■ THE DATA ■
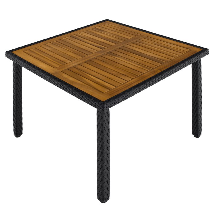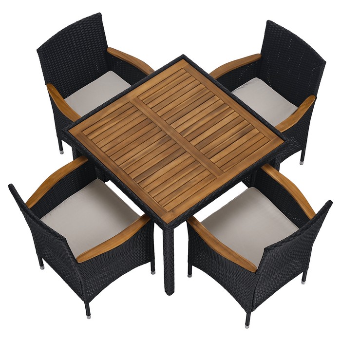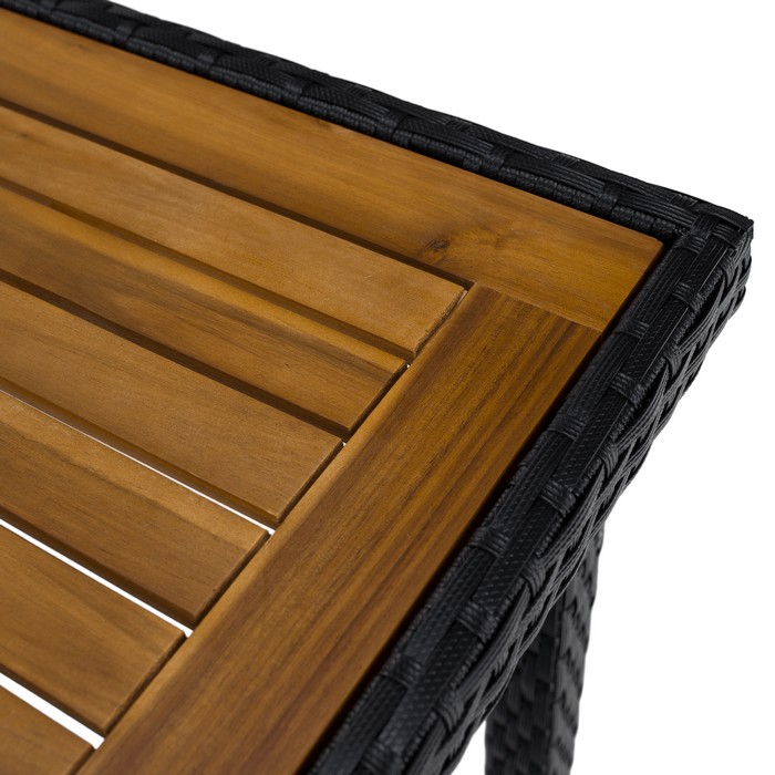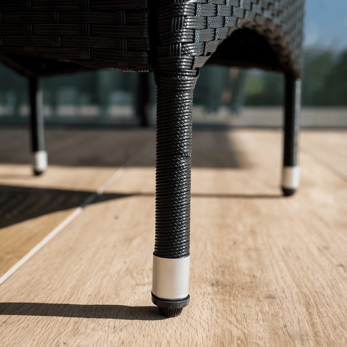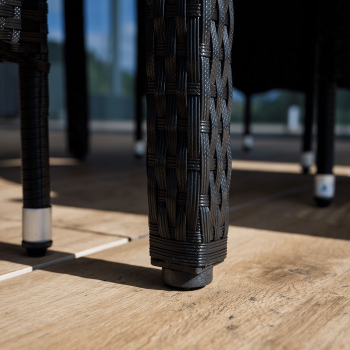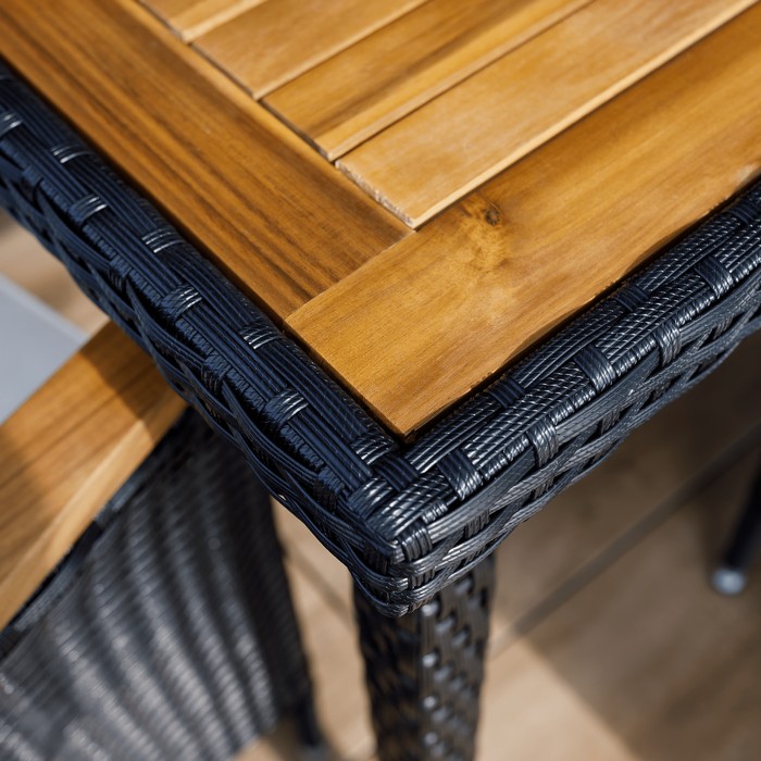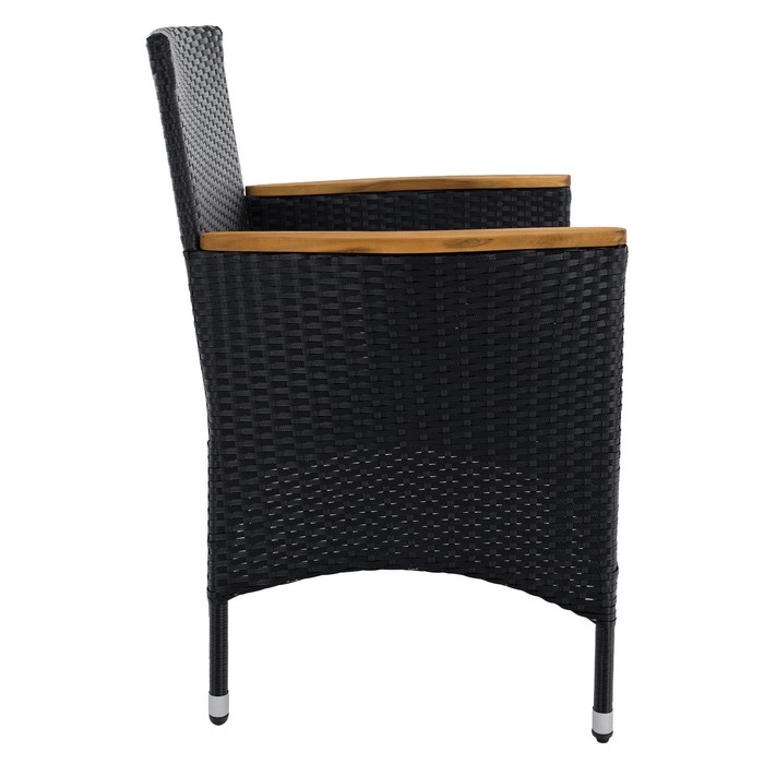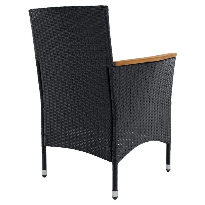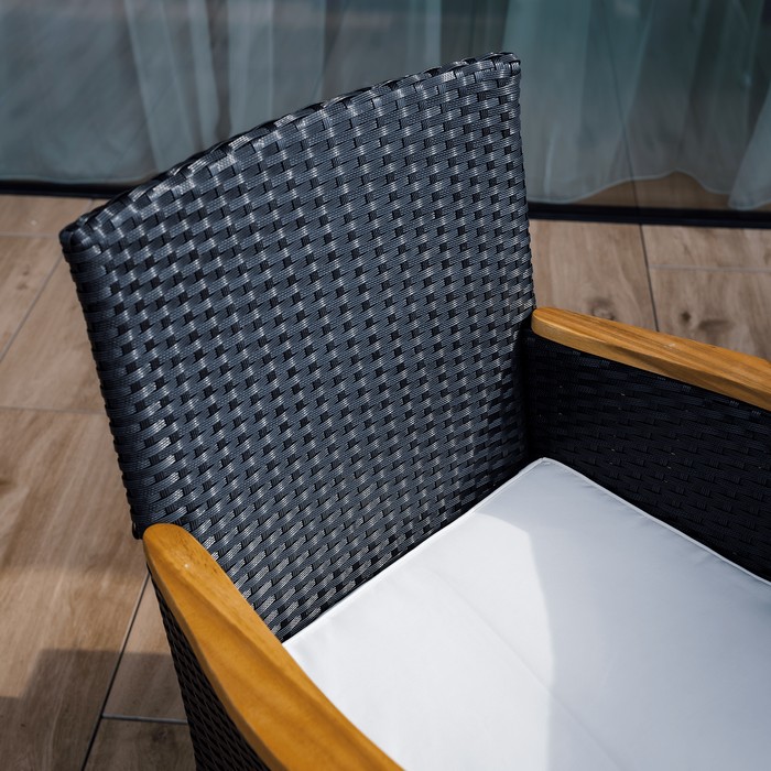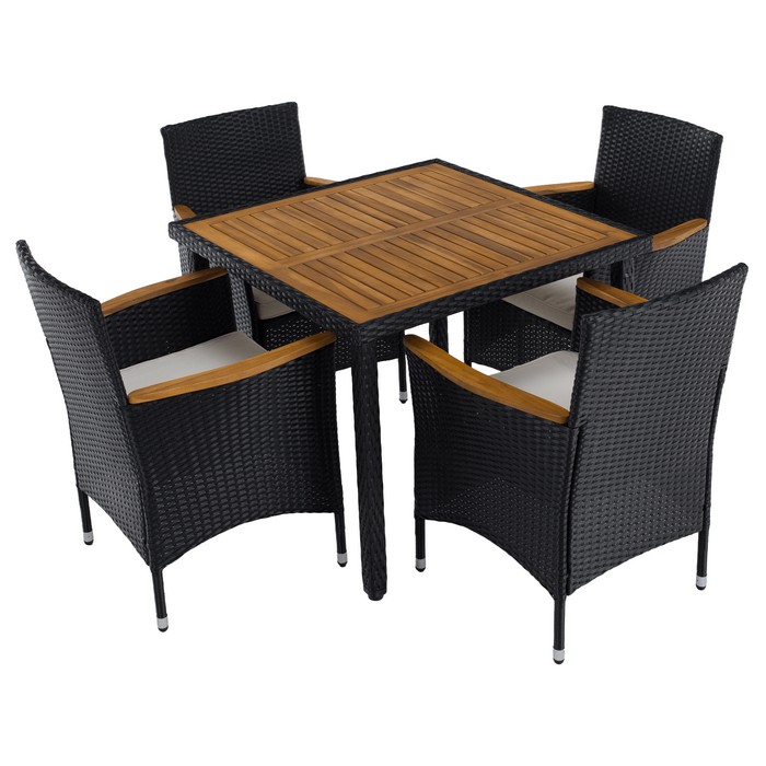 BOGART je elegantný záhradný nábytok, ktorý pôsobí vkusne a moderne. Vyrobený je z oceľovej konštrukcie a umelého ratanu v čiernej farbe. Opierky na kreslách a stolová doska sú doplnené o materiál v podobe masívneho akáciového dreva v prírodnom prevedení. Záhradný nábytok pozostáva zo štyroch kresiel s rozmermi (ŠxHxV): 61x58x88 cm so šírkou a hĺbkou sedu 46,5 cm. Dodávané sú s vankúšmi v krémovom prevedení s hrúbkou 5 cm. Poťah je vodeodolný a snímateľný s možnosťou prania pri teplote 30°C. Maximálna nosnosť na osobu je 90 kg. Dodávaný je v demonte.
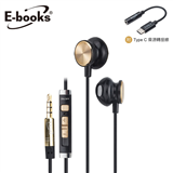 SS23 磁吸線控耳塞式耳機附Type C音源轉接線-黑【E-books】
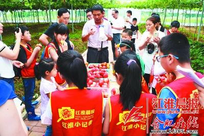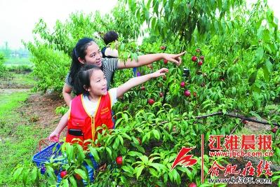 一片片桃林,挂满了红彤彤的果子,刚下过雨,空气里一股甜丝丝的桃香。610日上午,位于合肥市蜀山区南岗镇的安徽农垦南丽湾生态园,迎来了20组江淮小记者家庭来采摘桃子。大家品尝桃子,学习知识,活动结束了还不愿离去。简直是乐不思蜀了。一位小记者家长看着孩子玩得开心,忍不住这样说道。
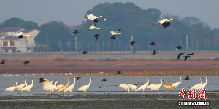 11月12日,地处鄱阳湖腹地的江西省九江市永修县吴城镇,白鹤等候鸟共舞。王小龙 摄中国中部省份江西地处“东亚—澳大利西亚”候鸟迁徙通道上,这是全球九大候鸟迁徙通道之一。

■ ASSIGNMENT ■
Your copy should hold only the lines from the line with "一片片桃林,挂满了红彤彤的果" through the end of the data above, both ends included, transcribed exactly and without pictures.

■ THE COMPLETED TASK ■
 一片片桃林,挂满了红彤彤的果子,刚下过雨,空气里一股甜丝丝的桃香。610日上午,位于合肥市蜀山区南岗镇的安徽农垦南丽湾生态园,迎来了20组江淮小记者家庭来采摘桃子。大家品尝桃子,学习知识,活动结束了还不愿离去。简直是乐不思蜀了。一位小记者家长看着孩子玩得开心,忍不住这样说道。
 11月12日,地处鄱阳湖腹地的江西省九江市永修县吴城镇,白鹤等候鸟共舞。王小龙 摄中国中部省份江西地处“东亚—澳大利西亚”候鸟迁徙通道上,这是全球九大候鸟迁徙通道之一。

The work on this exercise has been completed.